When I cleaned my first few wild pigs, I cut off the hams and shoulders for smoking and everything else went into sausage.  As far as recipes go, there are literally thousands of sausage recipes out there - some online.  Others are can be found in books.  I did some searching online and found some that sounded decent and it wound up tasting just fine.   I'm still searching for more to play with. 

One thing you will find is that wild pig is pretty lean.  You will probably have to add fat to get the consistency you need.  I use cheap bacon for fat.  You can buy a 5lb box of ends and pieces  for next to nothing or ask your local butcher to save some fat for you.   Grinders don't like fat.   I found that if you grind it almost frozen, it goes through the blades much easier.


----------



## btt202 (Sep 16, 2008)

can can buy a bag of old plantation sauage mix its pretty good say's to mix with25lbs of meat works better for me with about 21 lbs of meat. even my wife and kids eat it and like it  run meat threw grinder once then mix season by hand very good  do a good job of mixing spice's then run threw grinder again and pack in buck or stuff in caseing


----------



## Shine Runner (Sep 16, 2008)

Interested too....ya'll keep it coming


----------



## Bryan (Sep 17, 2008)

Plantation is what i use.I mix then fry some to see how it tastes and add more if needed.Adding bacon or some other fatty cut of pork does help from making it to dry.


----------



## abrannon (Sep 18, 2008)

Derek;

When Rifle season comes in Starley's in Wilkinson County will start taken hogs again.  IMHO they make some of the best sausage.  If you get the whole hog done in sausage they wave the process fee, and just charge By the pound for the sausage.
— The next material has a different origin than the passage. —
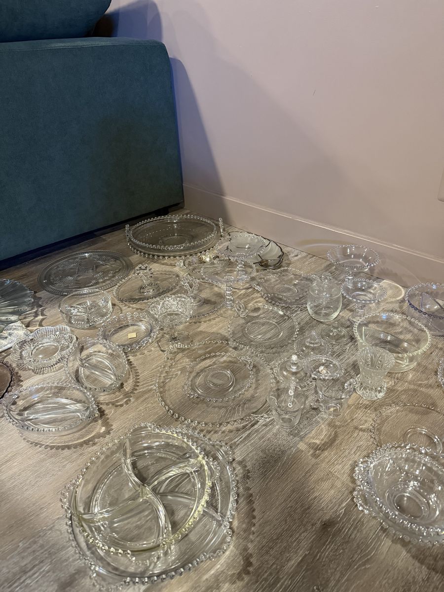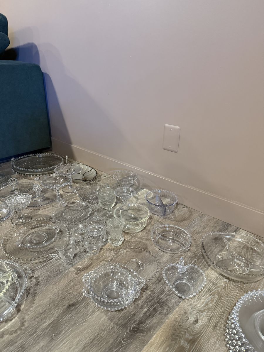 VenmoLarge candlewick glass collection for sale. Includes everything shown in the photos.

I like to smoke the hams and sholders.  The sholders and the hams also make some good barbeque.  

If the hog is large enough I like to slice the Back strap real thin and bread it like a pork chop.  

Another favorite is to take a shoulder or the ribs, and coat it with Tony Charree's (SP) creole seasoning and then rap it in foil and place in a 250 degree oven.  And let it cook real slow.  That is real good.
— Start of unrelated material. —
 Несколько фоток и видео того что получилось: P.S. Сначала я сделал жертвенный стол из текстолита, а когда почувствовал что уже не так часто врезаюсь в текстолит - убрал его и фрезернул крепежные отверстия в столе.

I do not know any good sausage recipes, I am too lazy to make my own.


----------



## snuffy (Sep 18, 2008)

We use to raise and kill 20 to 30 hogs a year.
We used to use A C Legg's seasonings.
Used to buy it at the farmers market or you can buy it online.

I agree with what Bryan said. Mix some up and try it and the adjust . Some times we would add extra sage , black pepper, white pepper or add salt.
Be sure to taste it before adding salt the Legg's seasoning is pretty salty as is.


----------



## HTRDNCK (Sep 18, 2008)

I havent tried it but this one is supposed to be as good as Jimmy Dean. 

I intended on trying it on my next pig.

Ingredients
2 teaspoons dried sage 
3 tablespoons salt 
2 teaspoons black pepper 
1/2 teaspoon dried marjoram 
1 tablespoon brown sugar 
3/4 teaspoon crushed red pepper flakes 
1/2 teaspoon ground cloves 
9 lbs ground pork butt


----------